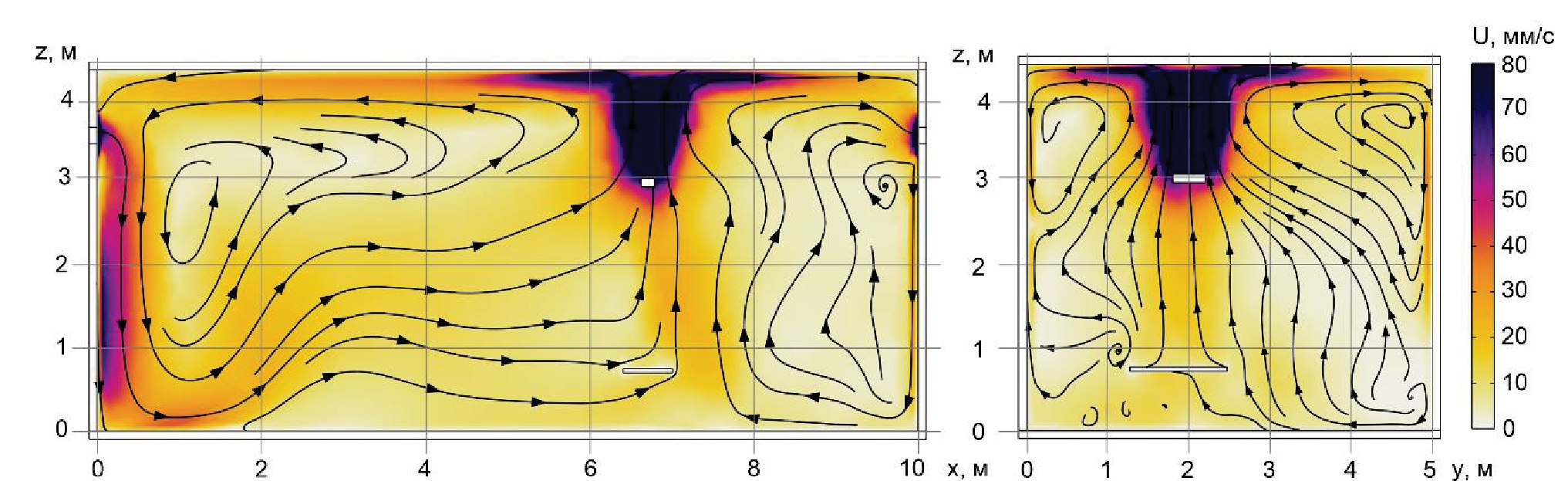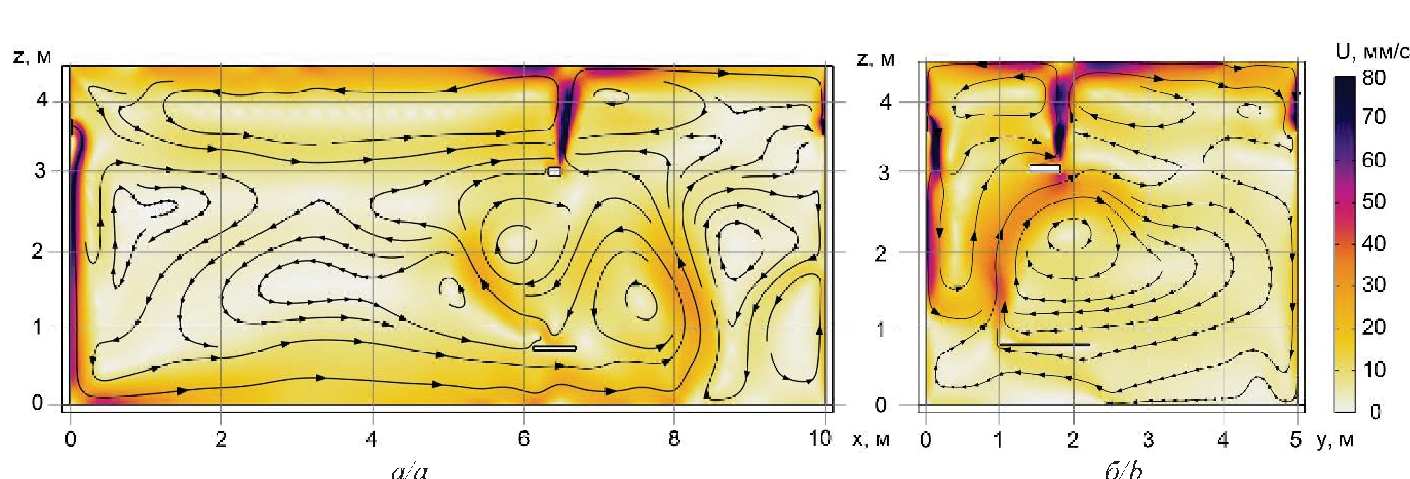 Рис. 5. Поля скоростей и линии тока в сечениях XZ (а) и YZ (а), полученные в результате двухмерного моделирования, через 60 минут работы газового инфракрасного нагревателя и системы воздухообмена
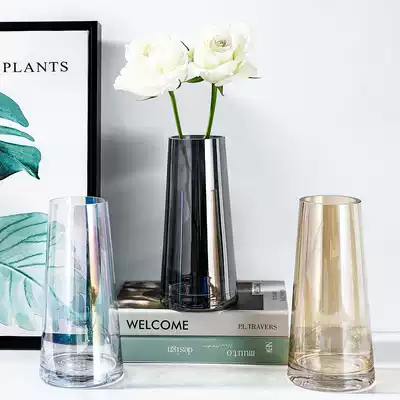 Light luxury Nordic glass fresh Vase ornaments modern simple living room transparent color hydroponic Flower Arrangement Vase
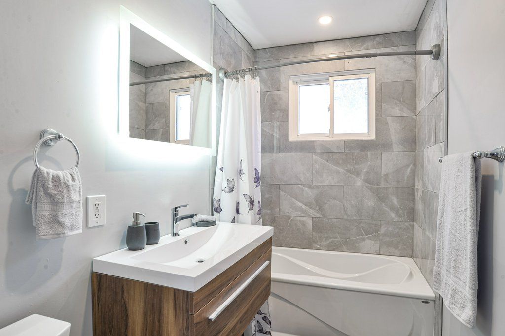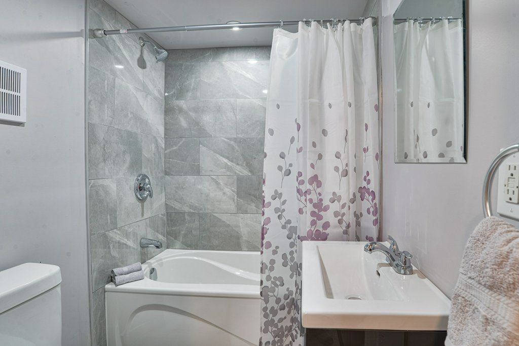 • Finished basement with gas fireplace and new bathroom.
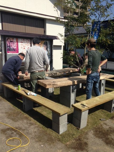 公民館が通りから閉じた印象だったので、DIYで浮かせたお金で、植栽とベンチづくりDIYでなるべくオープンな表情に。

BRIEF: Drop the pictures and set down the data above exactly.

SOLUTION TO THIS EXERCISE:
 Рис. 5. Поля скоростей и линии тока в сечениях XZ (а) и YZ (а), полученные в результате двухмерного моделирования, через 60 минут работы газового инфракрасного нагревателя и системы воздухообмена
 Light luxury Nordic glass fresh Vase ornaments modern simple living room transparent color hydroponic Flower Arrangement Vase
 • Finished basement with gas fireplace and new bathroom.
 公民館が通りから閉じた印象だったので、DIYで浮かせたお金で、植栽とベンチづくりDIYでなるべくオープンな表情に。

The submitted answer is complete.